Top of Data provided

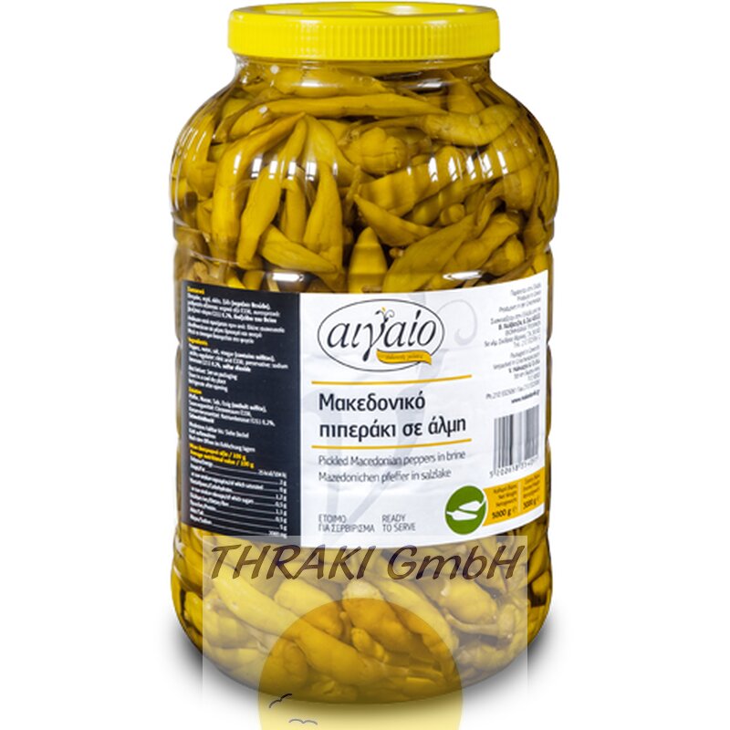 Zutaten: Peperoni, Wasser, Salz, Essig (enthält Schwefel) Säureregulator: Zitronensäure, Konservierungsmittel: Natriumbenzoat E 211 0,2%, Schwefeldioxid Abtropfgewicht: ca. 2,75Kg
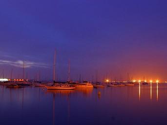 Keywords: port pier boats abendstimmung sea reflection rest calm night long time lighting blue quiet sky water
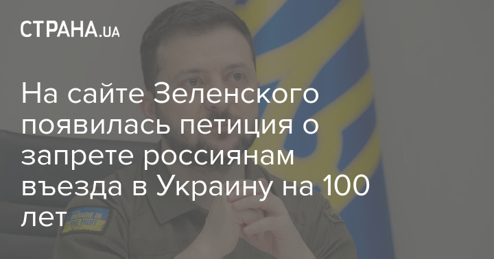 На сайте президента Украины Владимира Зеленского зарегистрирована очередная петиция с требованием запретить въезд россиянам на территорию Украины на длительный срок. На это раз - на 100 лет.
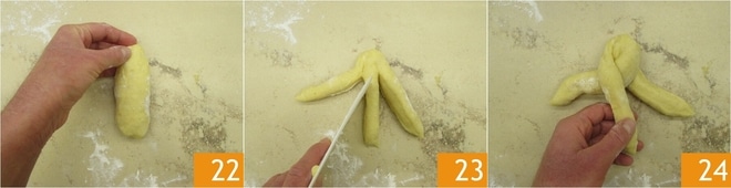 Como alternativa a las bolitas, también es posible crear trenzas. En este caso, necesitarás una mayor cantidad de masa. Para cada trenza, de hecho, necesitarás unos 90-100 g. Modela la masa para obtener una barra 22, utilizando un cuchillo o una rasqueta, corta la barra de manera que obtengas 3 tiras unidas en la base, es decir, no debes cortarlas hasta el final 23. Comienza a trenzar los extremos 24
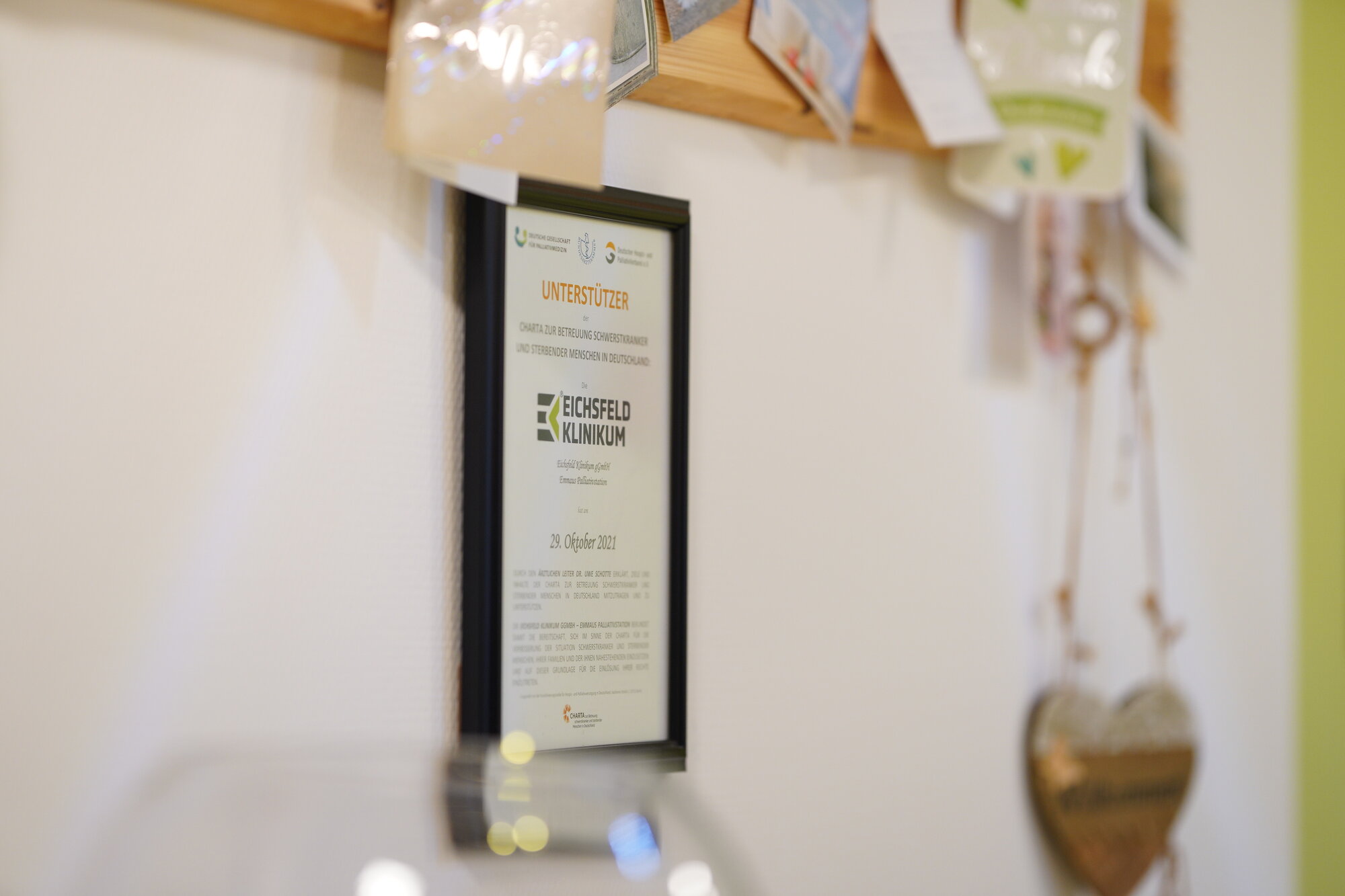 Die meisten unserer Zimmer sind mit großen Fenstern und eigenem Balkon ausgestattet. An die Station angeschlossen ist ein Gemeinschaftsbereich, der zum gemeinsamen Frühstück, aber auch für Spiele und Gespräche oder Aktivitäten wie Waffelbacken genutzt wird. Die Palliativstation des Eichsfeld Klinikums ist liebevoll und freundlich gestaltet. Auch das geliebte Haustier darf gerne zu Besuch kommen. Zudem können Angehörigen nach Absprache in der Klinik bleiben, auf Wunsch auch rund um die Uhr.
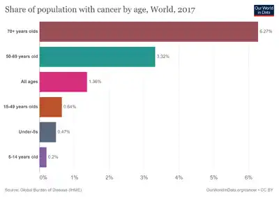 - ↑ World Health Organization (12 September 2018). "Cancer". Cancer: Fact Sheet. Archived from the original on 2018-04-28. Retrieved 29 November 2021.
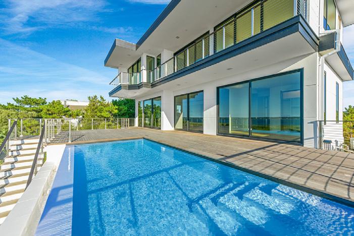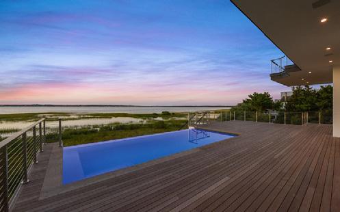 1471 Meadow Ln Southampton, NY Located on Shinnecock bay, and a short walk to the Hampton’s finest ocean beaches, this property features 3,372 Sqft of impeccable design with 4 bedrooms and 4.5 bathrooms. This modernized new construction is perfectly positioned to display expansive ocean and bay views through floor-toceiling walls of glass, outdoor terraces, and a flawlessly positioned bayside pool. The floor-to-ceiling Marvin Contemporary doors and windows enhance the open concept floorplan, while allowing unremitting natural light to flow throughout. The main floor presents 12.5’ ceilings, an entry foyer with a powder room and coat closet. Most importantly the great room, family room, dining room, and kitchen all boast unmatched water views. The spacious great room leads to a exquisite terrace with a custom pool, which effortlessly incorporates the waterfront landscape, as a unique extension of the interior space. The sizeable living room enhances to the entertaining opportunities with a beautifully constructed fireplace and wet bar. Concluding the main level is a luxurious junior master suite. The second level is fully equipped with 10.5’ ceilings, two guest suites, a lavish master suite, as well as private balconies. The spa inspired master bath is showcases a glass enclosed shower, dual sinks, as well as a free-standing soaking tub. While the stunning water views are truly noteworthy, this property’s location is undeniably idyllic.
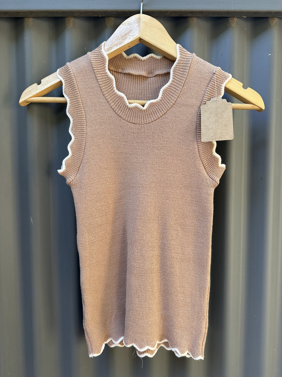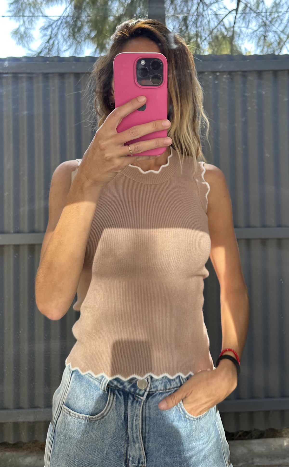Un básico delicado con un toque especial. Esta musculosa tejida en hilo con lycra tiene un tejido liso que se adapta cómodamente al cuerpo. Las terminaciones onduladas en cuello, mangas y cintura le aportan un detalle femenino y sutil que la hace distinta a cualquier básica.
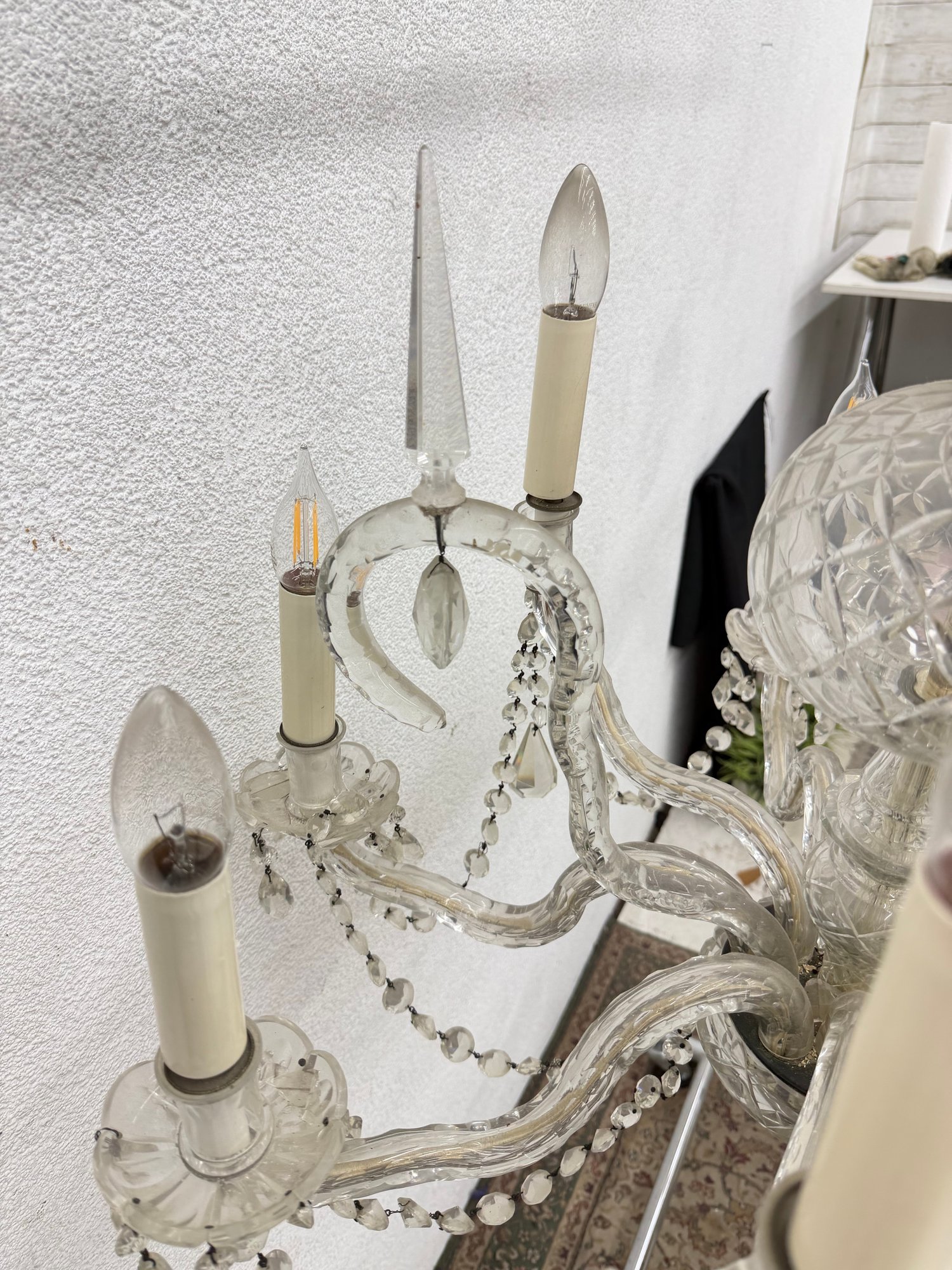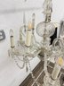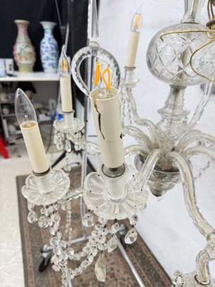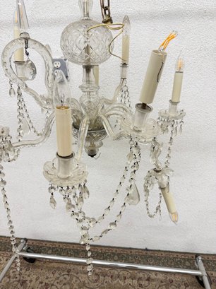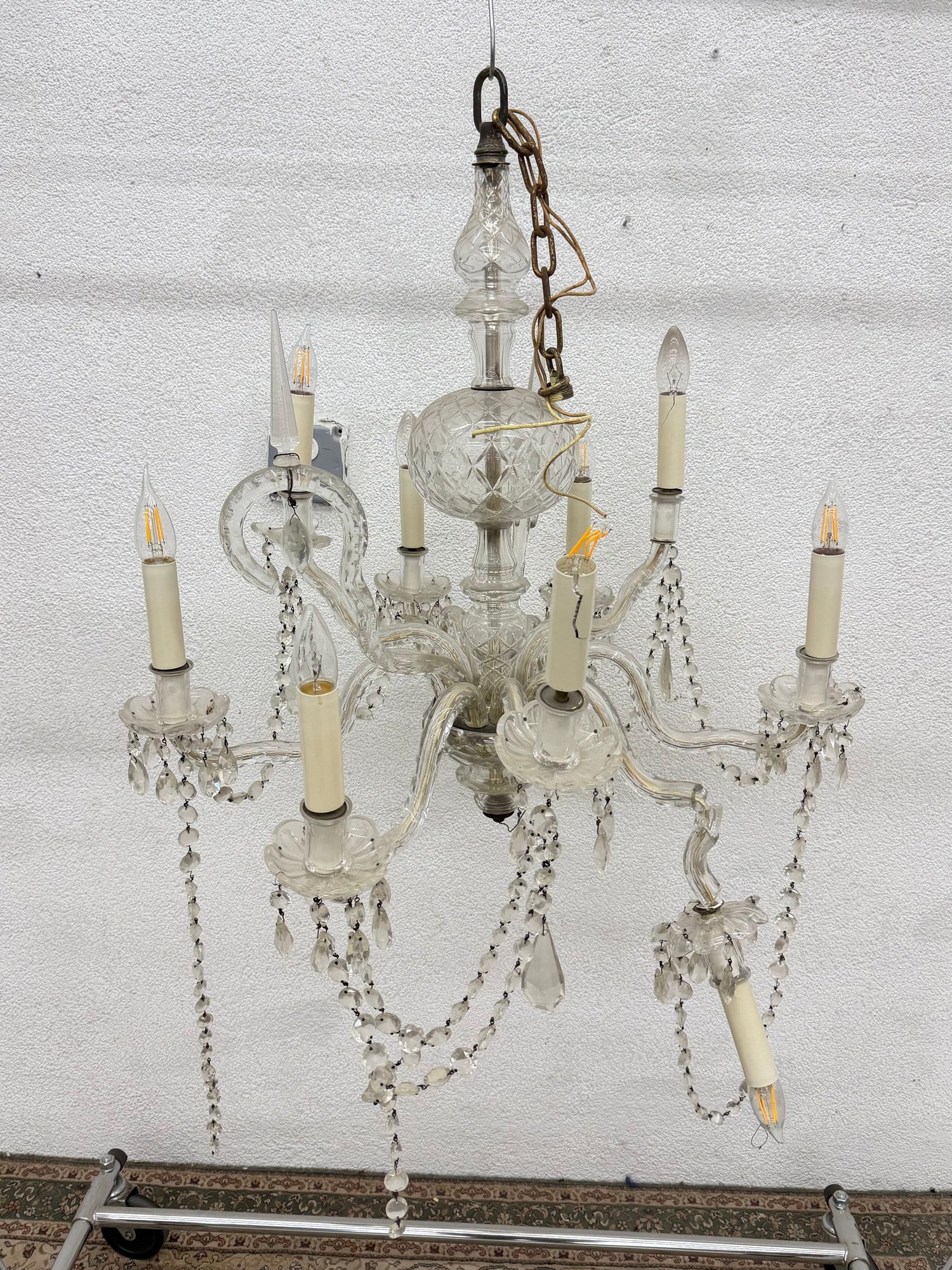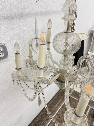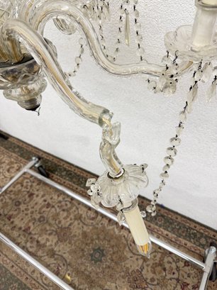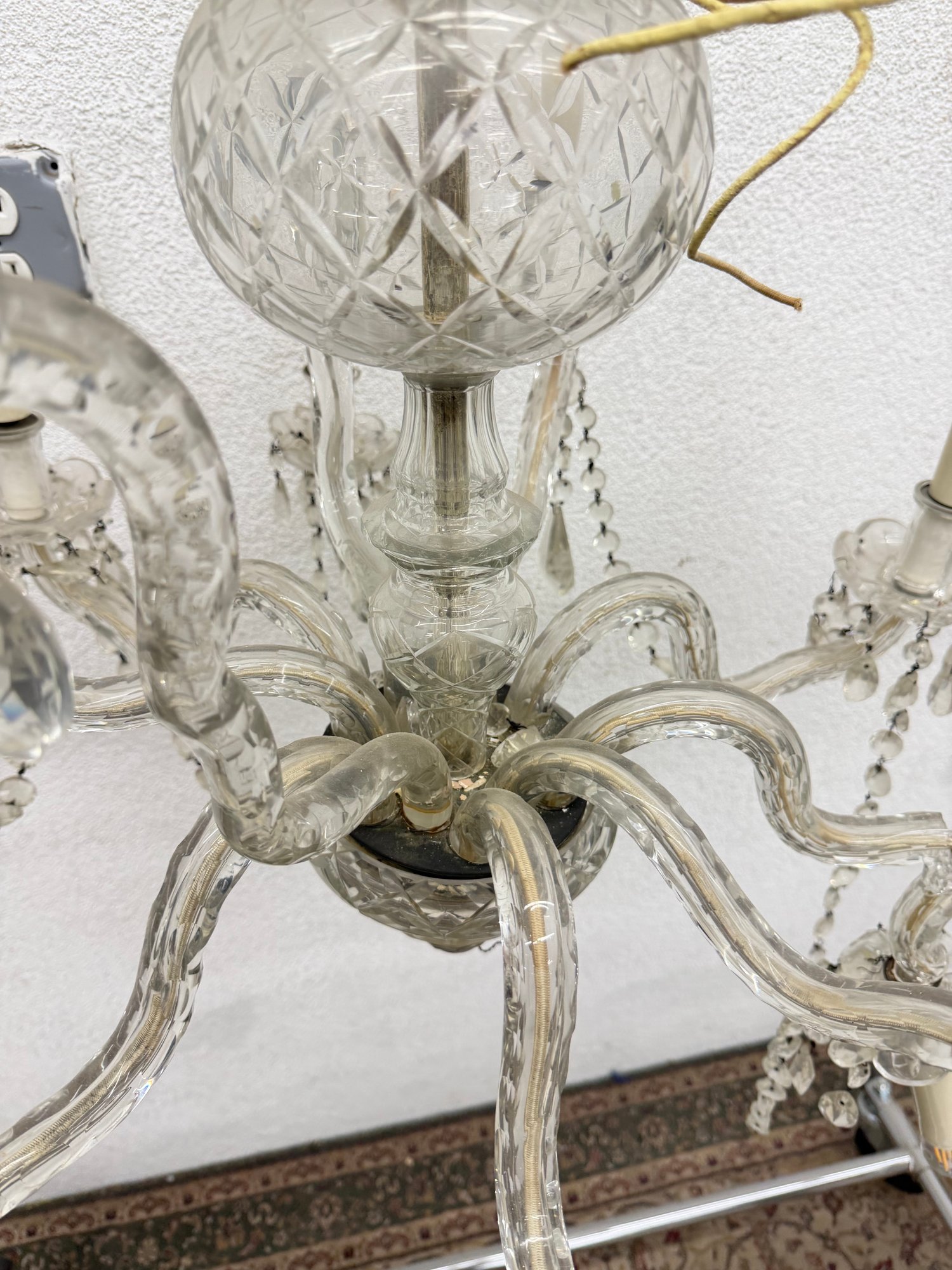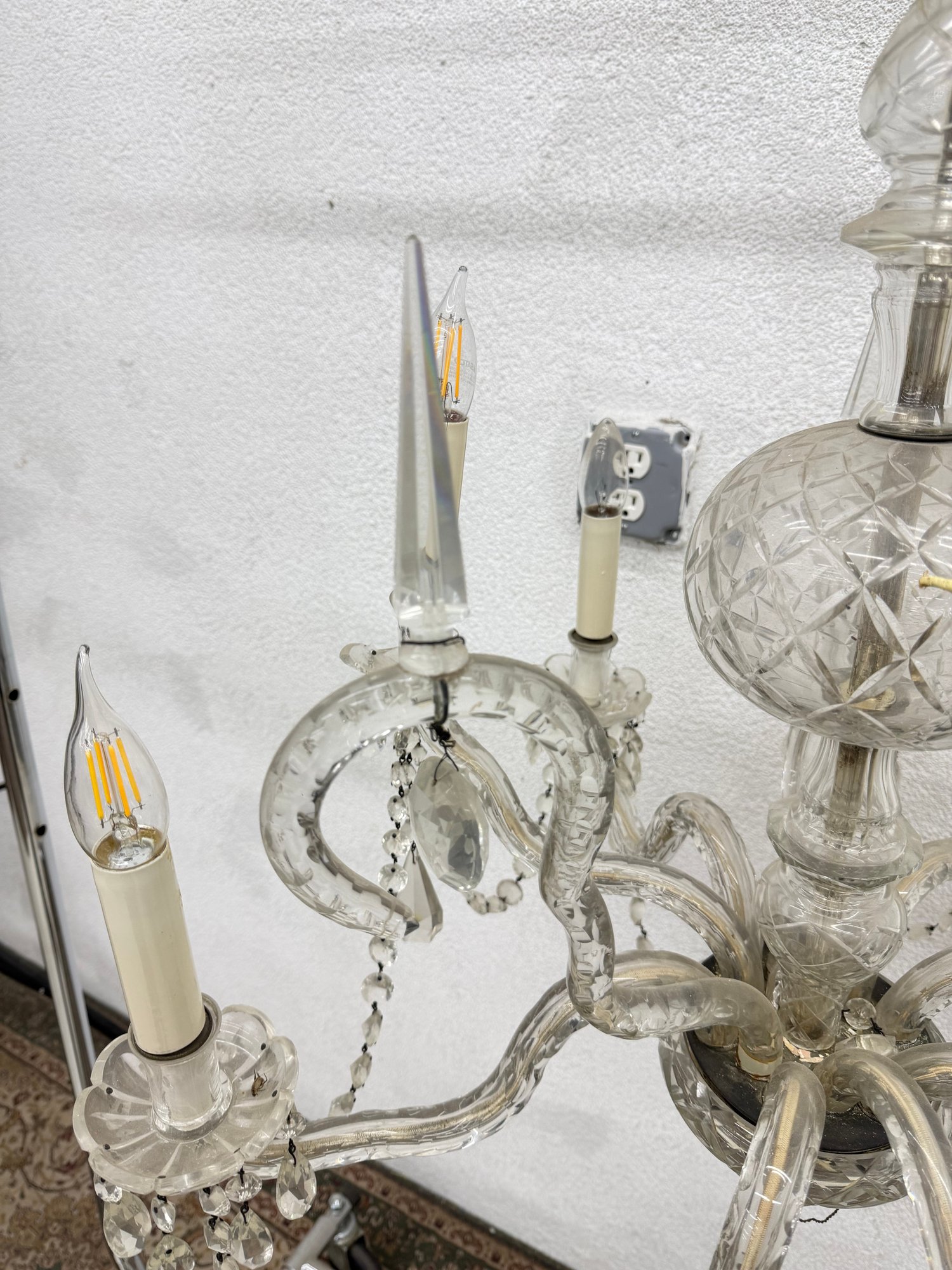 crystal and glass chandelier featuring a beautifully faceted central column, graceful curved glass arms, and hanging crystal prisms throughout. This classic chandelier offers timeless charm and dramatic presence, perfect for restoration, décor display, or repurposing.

Bottom of Data provided

Problem description:
Copy only what lies between the start of the listing above and the line containing "Como alternativa a", inclusive of both ends, exactly as written, and drop the pictures.

Output for this task:
 Zutaten: Peperoni, Wasser, Salz, Essig (enthält Schwefel) Säureregulator: Zitronensäure, Konservierungsmittel: Natriumbenzoat E 211 0,2%, Schwefeldioxid Abtropfgewicht: ca. 2,75Kg
 Keywords: port pier boats abendstimmung sea reflection rest calm night long time lighting blue quiet sky water
 На сайте президента Украины Владимира Зеленского зарегистрирована очередная петиция с требованием запретить въезд россиянам на территорию Украины на длительный срок. На это раз - на 100 лет.
 Como alternativa a las bolitas, también es posible crear trenzas. En este caso, necesitarás una mayor cantidad de masa. Para cada trenza, de hecho, necesitarás unos 90-100 g. Modela la masa para obtener una barra 22, utilizando un cuchillo o una rasqueta, corta la barra de manera que obtengas 3 tiras unidas en la base, es decir, no debes cortarlas hasta el final 23. Comienza a trenzar los extremos 24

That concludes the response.